SIIS International Day

Hans Blix, chairman of the International Commission on Weapons of Mass Destruction and former chief weapons inspector in Iraq, said at the Stanford Institute for International Studies' International Day, "Challenges in a New Era," on May 6 that he does not think the world faces a new nuclear arms race. Nuclear risks posed by terrorists and nations like Iran and North Korea could trigger a new nuclear arms race, warned CISAC Co-Director and Stanford professor Scott D. Sagan.

Blix said that there need not be a new arms race if the world diligently pursues diplomacy. Blix's speech attracted a strong response from Sagan, who participated in the same plenary panel titled "Looking Ahead: A New Nuclear Arms Race?" "I think there already is a new and very different kind of nuclear arms race going on," Sagan said. "It is a race between terrorists trying to develop a nuclear weapon and national and international efforts to stop that." As North Korea "race[s] ahead with its own persistent and provocative nuclear program," Sagan said the likelihood that the impoverished country will want to test its weapons or sell them to the highest bidder will increase. "I think Dr. Blix's paper greatly underestimates the threat of nuclear terrorism today," he said.

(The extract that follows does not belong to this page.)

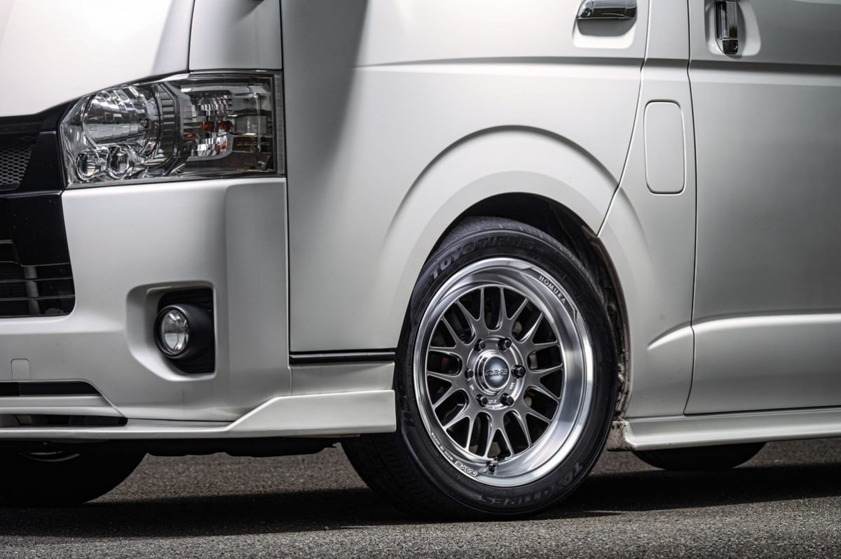 HOMURA 2x9L-RAを装着したトヨタ「ハイエース」。カラーはグレイスシルバー/リムDMC(QAJ)

The exchange was one of many during the one day International Day that attracted hundreds of diplomats, policymakers, faculty and students. Other speakers included Oxford professor Paul Collier, the State Department counselor, Philip Zelikow, and Stonebridge International chairman, Samuel Berger. Zelikow and Berger both spoke on U.S. foreign policy.

The SIIS International Day also included discussion session on topics such as Russia's future, U.S. policy on the Korean peninsula, climate change, our energy future, United Nations reform, responses to infectious diseases, U.S.-European relations, and international criminal justice and security. Participants included both Stanford faculty and invited scholars, policymakers, and journalists.

Coit D. Blacker, director of SIIS, said the International Day, an annual event, will become part of the university's newly launched International Initiative that promotes interdisciplinary research and teaching. He also said the Stanford Institute for International Studies will be renamed the Freeman Spogli Institute for International Studies at Stanford University, effective September 1, in recognition of alumni Bradford Freeman, a member of the university's Board of Trustees, and Ronald Spogli, a member of the SIIS board of visitors, who together donated a lead gift of $50 million to help launch the initiative last month.